Much has changed since the publication of the first edition of this book in 2006. The use of credit scoring has become truly international, with thousands of lenders now developing their own scorecards in-house. As a benchmark, The SAS Credit Scoring1 solution, which started out around that time, now has hundreds of customers – but more importantly, they are spread out across 60-plus countries. Many more banks, of course, use products from other vendors to build and use credit risk scorecards in-house, but in general, the trend has moved away from outsourcing the development of scorecards to internal builds.
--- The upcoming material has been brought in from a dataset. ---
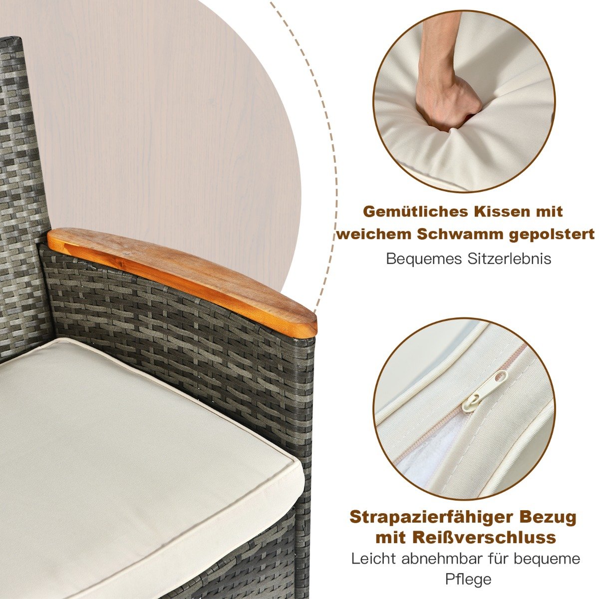 - Medžiaga: PE rotangas, plienas, akacijos mediena, poliesteris, kempinė

The following factors, listed in the order discussed, have led to more widespread usage of scorecards and the decision by banks to build them in-house.

Factors driving the increased use of scorecards include:

● Increased regulation.

● Ease of access to sizable and reliable data.

● Better software for building scorecards.

● Availability of greater educational material and training for would-be developers.

● Corporate knowledge management fostering retention and sharing of subject-matter expertise.

● Signaling capabilities to external and internal stakeholders.

● Efficiency and process improvement.

● Creating value and boosting profitability.

● Improved customer experience.

In the past decade, the single biggest factor driving banks to bring credit scorecard development in-house has been the Basel II Accord.2 Specifically, banks that have opted to (or were told to) comply with the Foundation or Advanced Internal Ratings Based approaches of Basel II were required to internally generate Probability of Default (PD) estimates (as well as estimates for Loss Given Default [LGD] and Exposure at Default [EAD]). Larger banks expanded their production and usage of credit scoring, and were compelled to demonstrate their competence in credit scoring. In many countries, particularly in Europe, even small banks decided to go for these approaches, and thus had to start building models for the first time. This led to some challenges – when you have never built scorecards in-house (and in some cases, not really used them either), where do you start? Many institutions went through significant changes to their data warehousing/management, organizational structure, technology infrastructure, and decision making as well as risk management cultures. The lessons from some of these exercises will be shared in chapters on creating infrastructures for credit scoring, as well as the people who should be involved in a project.

While there is a lot of variance in the way Basel II has been implemented in Europe, it is largely a finished process there.3 Some of the lessons, from Basel II, specifically on how the default definition should be composed will be detailed in a guest chapter written by Dr. Hendrik Wagner. The implementation of Basel II is still ongoing in many countries, where the same exercise is being repeated many times (and in most cases, the same questions are being asked as were 10 years ago in Europe). Many institutions, such as retail credit card and automotive loan companies, that were not required to comply with Basel II, voluntarily opted to comply anyway. Some saw this as a way to prove their capabilities and sophistication to the market, and as a seal of approval on the robustness of their internal processes. But the ones who gained most were those who saw Basel II compliance not just as a mandatory regulatory exercise, but rather as a set of best practices leading to an opportunity to make their internal processes better. This theme of continuous improvement will be addressed in various parts of the book, and guidance given on best practices for the scorecard development implementation process.

In some countries where Basel II was not a factor, local banks decided to take on analytics to improve and be more competitive. In many developing countries, the banking industry became deregulated or more open, which allowed international banks to start operating there. Such banks generally tended to have a long history of using advanced analytics and credit scoring. This put competitive pressures on some of the local banks, which in many cases were operating using manual and judgmental methods. The local banks thus started investing in initiatives such as data warehousing, analytics, and in-house credit scoring in order to bring costs down, reduce losses, and create efficiencies. Another factor that points to a wider acceptance of credit scoring is the tight market for scorecard developers globally. In almost all the countries, whether those with Basel II or not, the demand for experienced credit scoring resources has continued to be high.

In more recent times, the introduction of International Financial Reporting Standards (IFRS) 9 to calculate expected losses has expanded the usage of predictive models within all companies. Those institutions that have already invested in fixing their data problems and establishing sustainable and robust analytics functions will find it easier to comply.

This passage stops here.